照り付ける太陽の光が俺の身体を少しずつ喰らっていく。
ちょっとでも運動したら蒸発しそうな勢いだった。
「さぁ……皆さん集まってください!」
ラルゴの号令で生徒たちは集まる。
「それではA組とB組による合同授業を行いたいと思います。お互い知らない者同士であるかもしれませんが、親睦を深める良い機会だと思って取り組んでください」
「―――はいっ!」
そんなこんなで実戦形式による課外授業がスタートした。
普段は学園内で使えない魔術もここでは使えるので皆、張り切っている。
ラルゴ含め皆が盛り上がっている中、俺は休める場所がないか探していた。
「ふぅ……ここなら休めそうだな」
日陰でちょうどいい感じに休めそうな樹木を発見。
そこに寄りかかり、静かに目を瞑る。
「ああ……気持ちいいな」
涼しく、安らかなそよ風が俺の疲れた身体を癒していく。
木々の葉が風に揺れ、心地の良い音を奏でる。
なんて気持ちのいいことだろうか。
こんなに心安らぐとは思ってもみなかった。
「外で寝るのもまた一興かもな……」
英雄時代はこんなにゆっくりと自然に触れたことはなかった。
ましてや引きこもりの生活を送っていた頃は外に出るだけでも抵抗があった。
だからこそこんなにも気持ちの良い感覚は味わったことがなかった。
「ある意味最もこの世で偉大な物は自然なのかもしれないな」
そう思っていると、どこからか誰かの視線を感じる。
「誰だ?」
「あはは、バレてしまいましたか」
そう言うと木の陰からひょっこりとレーナが現れた。
「なんだ、レーナか」
「なんだとはなんですか!」
レーナはさりげなく俺の隣に座る。
「どうした? 生徒たちに指導していたんじゃないのか?」
「疲れちゃったので休憩しようとしたらレイナードの姿がなかったものですから」
「よくこの場所が分かったな」
というのも此処はハーバー高原の奥にあるハーバーの森の入り口付近だ。
集合場所から歩いても数分はかかる。
「休める場所がないかって思ったら此処しか思いつかなかったので……」
「そうか」
さすが俺の助手だ。

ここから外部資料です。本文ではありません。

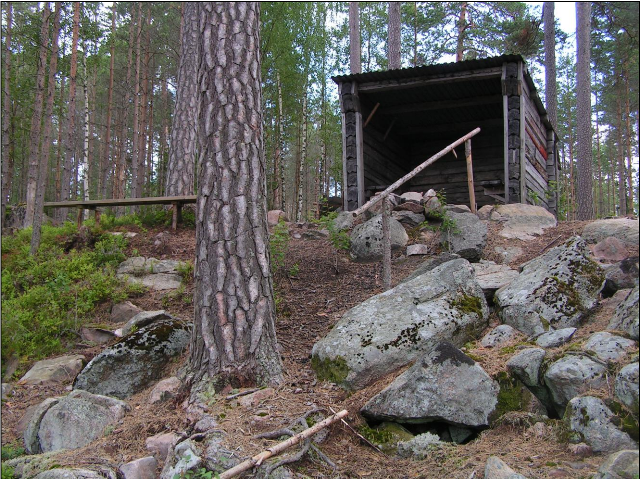
Vindskydd med grillplats

時を重ねるごとに俺の生態を理解している。
最近では結構忖度をしてくれて助かる場面も増えてきた。
「気持ちいいですね……ここ」
「ああ、オレも驚いた」
レーナは猫耳をピクピクさせる。
そしてそれに反応した俺はとあることを聞いてみる。
「前から気になっていたんだが……お前はなんでそんなものをつけているんだ?」
「え……? 付けているとは?」
(付けているっていう自覚ないのか!)
逆に驚きだが、とりあえずスル―することにする。
「猫耳だ。初めて会った時から気になっていたんだ」
「ああ、これですか?」
そういうと当たり前のように猫耳を外す。
「やっぱり取り外し式だったのか!」
「あ、はい……ちょっと色々とありまして……」
「聞いてもいいことか?」
とりあえず確認は取ることにする。
言いたくないことを無理矢理言わせるのは可哀想だからな。
だが、レーナは何の迷いもなくOKサインを出す。
「じゃあ聞かせてくれ」
俺がこう言うとレーナは口を開き、ゆっくりと話し始める。